Exercise description: Repeat the whole listing word for word, skipping pictures.

Recorded information:
========

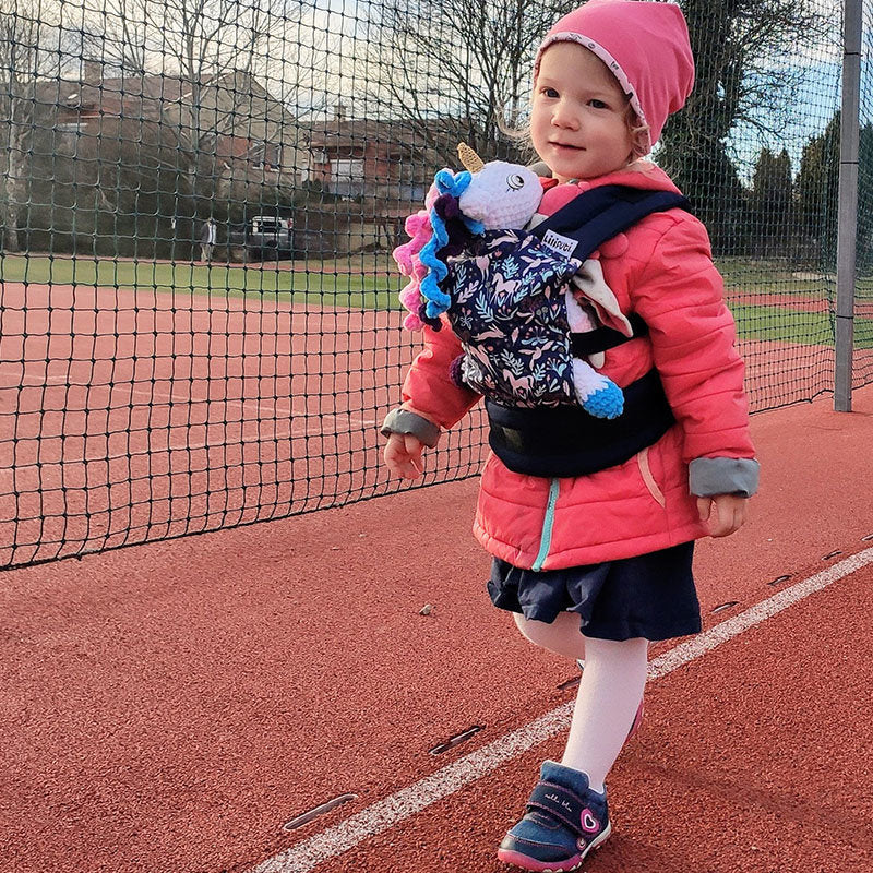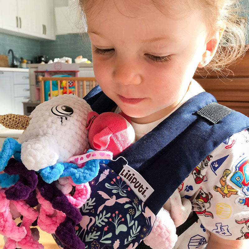 Marsupiul Liliputi Love Mini îi permite celui mic să își poarte jucăria preferată cu mâinile libere, făcând plimbările și joaca în aer liber mai ușoare, iar prietenii de pluș rămân curați și aproape. Este un accesoriu distractiv și practic, care încurajează și valorile atașamentului și ale parentingului cu blândețe.
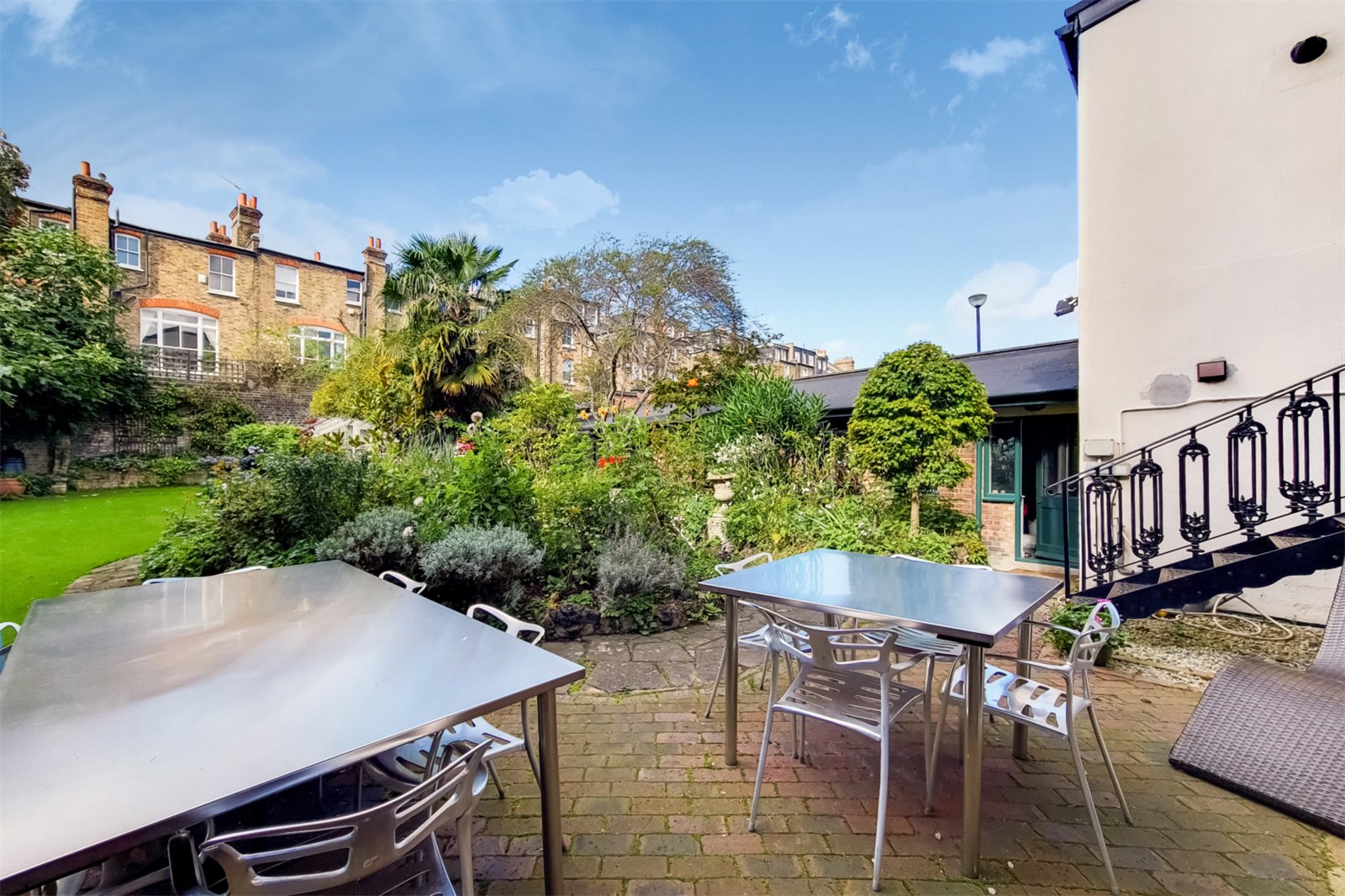 To the left at the end of the corridor is the lounge/dining room offering an abundance of natural light from the bay window featuring double doors opening to the large garden and would make a great entertaining space. The south facing shared garden, itself meticulously manicured with a very relaxing water feature and fountain, lawned area and a greenhouse. With the paved patio area directly outside the double doors belonging to this flat.
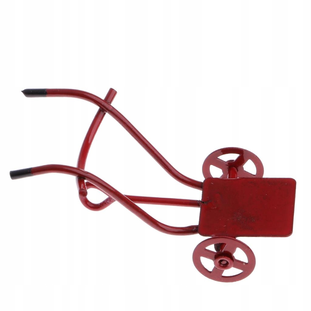 Миниатюрная садовая металлическая тележка для кукольного домика в масштабе 1/12 с ручками.
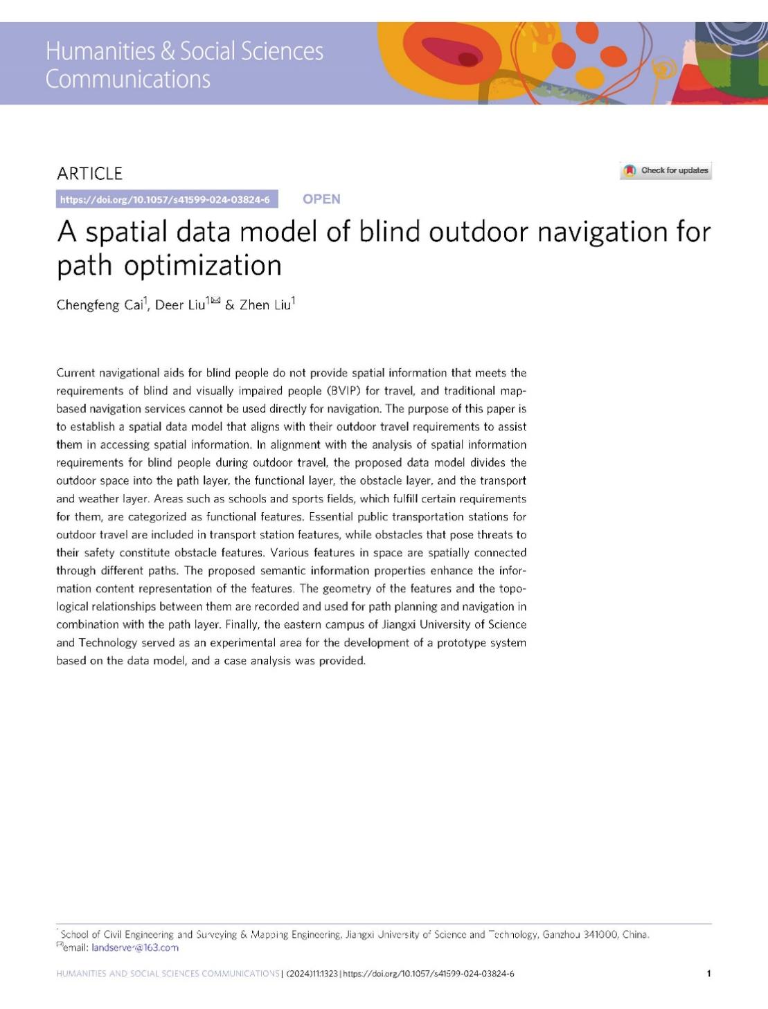 本网讯 近日,我校土木与测绘工程学院刘德儿教授团队以我校作为独立完成单位,在Nature旗下人文社科子刊《Humanities & Social Sciences Communications》发表了题为“A spatial data model of blind outdoor navigation for path optimization”(一种面向路径优化的盲人户外导航空间数据模型)的研究成果,该研究旨在为盲人导航领域提供一种全局导盲数据范式和数据底座开发途径及应用模式。

========

Solved problem:
 Marsupiul Liliputi Love Mini îi permite celui mic să își poarte jucăria preferată cu mâinile libere, făcând plimbările și joaca în aer liber mai ușoare, iar prietenii de pluș rămân curați și aproape. Este un accesoriu distractiv și practic, care încurajează și valorile atașamentului și ale parentingului cu blândețe.
 To the left at the end of the corridor is the lounge/dining room offering an abundance of natural light from the bay window featuring double doors opening to the large garden and would make a great entertaining space. The south facing shared garden, itself meticulously manicured with a very relaxing water feature and fountain, lawned area and a greenhouse. With the paved patio area directly outside the double doors belonging to this flat.
 Миниатюрная садовая металлическая тележка для кукольного домика в масштабе 1/12 с ручками.
 本网讯 近日,我校土木与测绘工程学院刘德儿教授团队以我校作为独立完成单位,在Nature旗下人文社科子刊《Humanities & Social Sciences Communications》发表了题为“A spatial data model of blind outdoor navigation for path optimization”(一种面向路径优化的盲人户外导航空间数据模型)的研究成果,该研究旨在为盲人导航领域提供一种全局导盲数据范式和数据底座开发途径及应用模式。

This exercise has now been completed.